We have several reporting and communication practices within the Hydra project. Becoming one of the core contributors to the project includes participation in core communication processes.

Bi-weekly update

At the end of every two weeks, we provide updates to cardano-updates, which also serve as a basis for our monthly reports.

To write such an update:

  1. Use the contributors' tactical meeting agenda to collect bullet points on:

    • What did the team achieve this sprint?: past tense summary of done things (good: 'Implemented..', bad: 'Started working on..'); use the backlog and calendars to collect updates.

    • What are the goals of the next sprint?: a short look-out onto the backlog and/or roadmap; ask each contributor what they would like to get done next week; always start from scratch and don't carry over things from last week.

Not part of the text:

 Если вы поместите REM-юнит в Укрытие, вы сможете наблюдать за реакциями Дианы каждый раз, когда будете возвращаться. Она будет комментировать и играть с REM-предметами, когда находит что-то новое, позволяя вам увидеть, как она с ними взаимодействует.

  2. Enrich the content with useful links and write a high-level summary. This should use a passive or 'they'-style of writing. Tip: check out older updates for examples and/or use an AI language model to write it.

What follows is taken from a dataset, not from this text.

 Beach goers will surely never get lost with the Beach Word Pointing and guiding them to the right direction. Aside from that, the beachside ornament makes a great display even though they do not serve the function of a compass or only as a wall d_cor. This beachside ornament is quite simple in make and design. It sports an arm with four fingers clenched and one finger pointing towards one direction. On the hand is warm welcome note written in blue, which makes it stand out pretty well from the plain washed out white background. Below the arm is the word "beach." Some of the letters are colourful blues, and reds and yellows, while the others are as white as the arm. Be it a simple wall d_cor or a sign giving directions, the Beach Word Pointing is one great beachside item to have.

  3. Create an entry blog and raise a pull request on cardano-updates, putting other Hydra contributors as reviewers.

    • Don't forget to add yourself as an author in the authors.yml.

Monthly review and report

To keep our users and stakeholders up-to-date regularly, we organize a review meeting and publish a report every month on the project website.

To conduct this meeting and write this report:

  1. Monthly meeting slides and report preparation:

    • Ensure the Google Meet invitation exists for this month and check stakeholder attendance

    • Copy monthly slides, change the title and template accordingly to <Month> <Year>

    • Remove old 'content' slides and mark the regular slides to be updated

    • Decide what to demonstrate (this is not optional!), either from the core development or an invited demo/showcase from the community

    • Update delivered/current/next features

    • Expand some of those into interesting 'Development' topics

    • Summarize what happened in the Hydra 'Community'

      • Reach out to individuals from the community whether they want to contribute something to the monthly report
    • Update the roadmap for the current month:

      • Use the grooming/planning session before the latest monthly report to get an updated roadmap
      • Store the latest roadmap screenshot in slides and on Miro, with and without 💭 idea items
      • Check milestones and versions are consistent
      • Mark up and summarize notable changes in the roadmap from the last month to support slides
    • Update the repository status in slides using https://github.com/cardano-scaling/hydra/pulse/monthly

    • Prepare an invitation by creating an event in Discord, and update the invitation used last month with it

    • Send an invitation to Hydra and Mithril #announcements channels on our Discord server

  2. Conduct the meeting:

    • Do not forget to record the meeting!
    • Ask for sharing rights after the meeting by requesting sharing in Google Drive with yourself and/or asking for making it publicly available
  3. Write the report in this repository:

    • Copy the previous month's report, then update the dates, links to slides, and closed issues
    • Use the slides as a starting point to provide a concise written account of what happened
      • Previous reports should serve as a guideline
      • Distribute the write-up among relevant contributors
    • Cross-link the slides, recording, and report
    • Submit a pull request, review it, and merge it to publish the report

NOTE: Drafting the report (step 3) is also a good preparation for presenting the individual sections.